Source records:
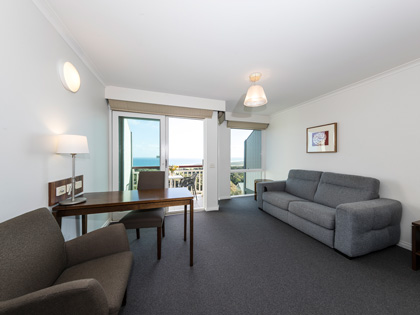 Ocean View Rooms at RACV Cape Schanck Resort, Mornington Peninsula, can accommodate three adults in one king bed or two singles, and one optional sofa bed which can be made available upon request.
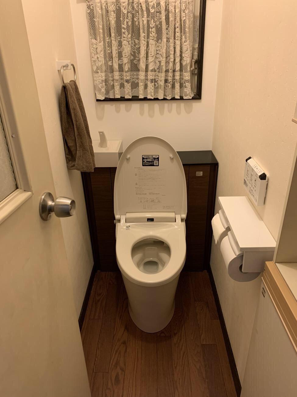 フローリングの床が傷んでしまったのをきっかけにトイレリフォームをご検討されました。 奥様は元々のフローリングがお気に召していらっしゃったので、近い色でフローリングタイプのCFをご提案しました。むき出しだった配管がなくなり、手洗い付きですっきりとした新しいトイレはお子さんたちも大のお気に入りスポットになったとのことで、嬉しく思います。 商品名 リフォレ
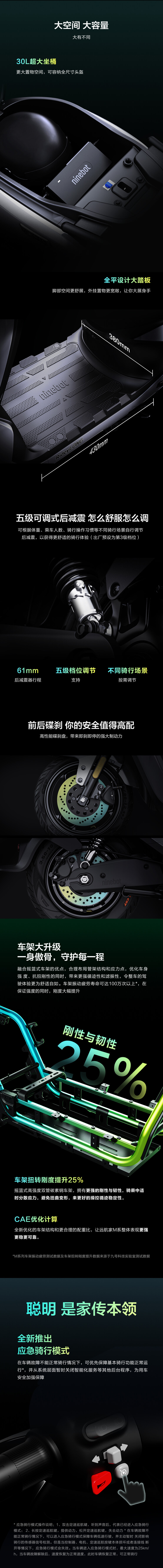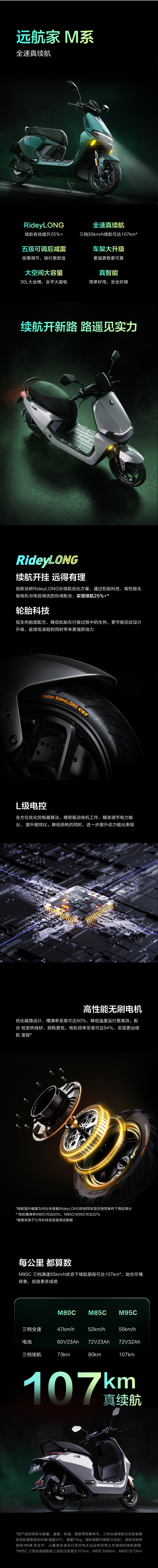 创新自研RideyLONG长续航优化方案,通过轮胎科技、高性能无刷电机与电控调优的协调配合
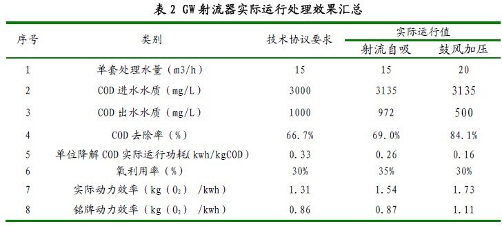 (2)GW 射流曝氣與微孔曝氣相比,噪音、能耗大大降低,每降解1kgCOD 的實際能耗僅為0.26kwh;
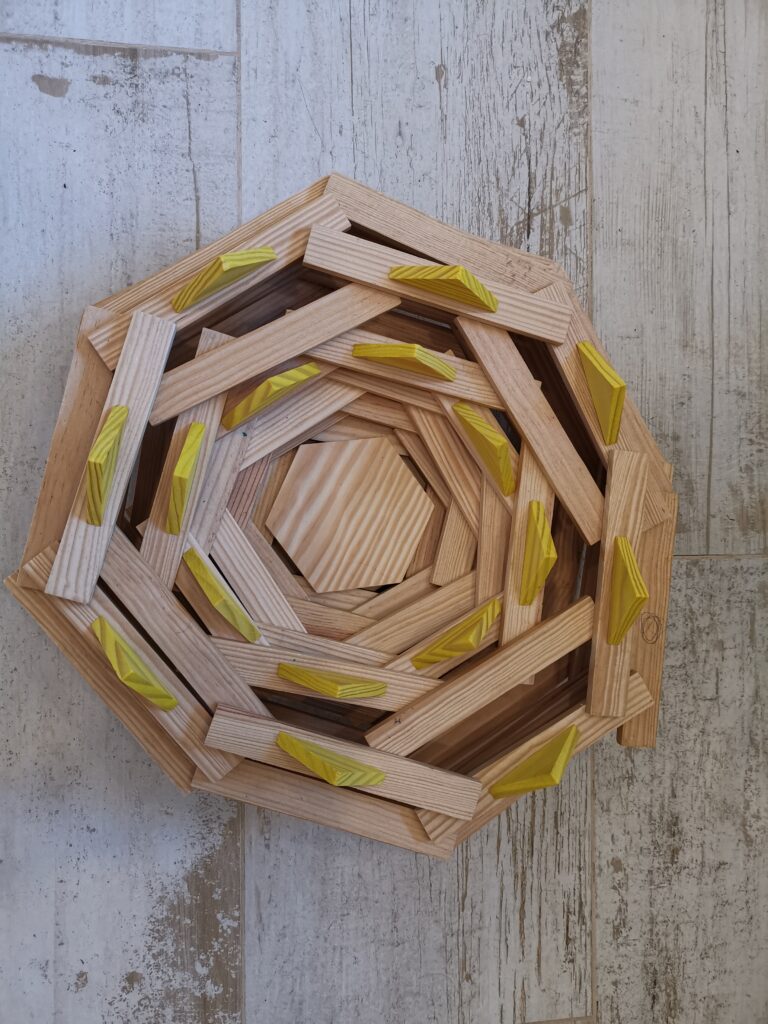 Un día decidí hacer una media cúpula gigante y la decoré con piezas de colores y jugaba a que eso era un estadio y la hice a los 9 años.

**Exercise goal**
Repeat each of the records exactly as written, except for the pictures, which are to be left out.

**Answer for the task**
 Ocean View Rooms at RACV Cape Schanck Resort, Mornington Peninsula, can accommodate three adults in one king bed or two singles, and one optional sofa bed which can be made available upon request.
 フローリングの床が傷んでしまったのをきっかけにトイレリフォームをご検討されました。 奥様は元々のフローリングがお気に召していらっしゃったので、近い色でフローリングタイプのCFをご提案しました。むき出しだった配管がなくなり、手洗い付きですっきりとした新しいトイレはお子さんたちも大のお気に入りスポットになったとのことで、嬉しく思います。 商品名 リフォレ
 创新自研RideyLONG长续航优化方案,通过轮胎科技、高性能无刷电机与电控调优的协调配合
 (2)GW 射流曝氣與微孔曝氣相比,噪音、能耗大大降低,每降解1kgCOD 的實際能耗僅為0.26kwh;
 Un día decidí hacer una media cúpula gigante y la decoré con piezas de colores y jugaba a que eso era un estadio y la hice a los 9 años.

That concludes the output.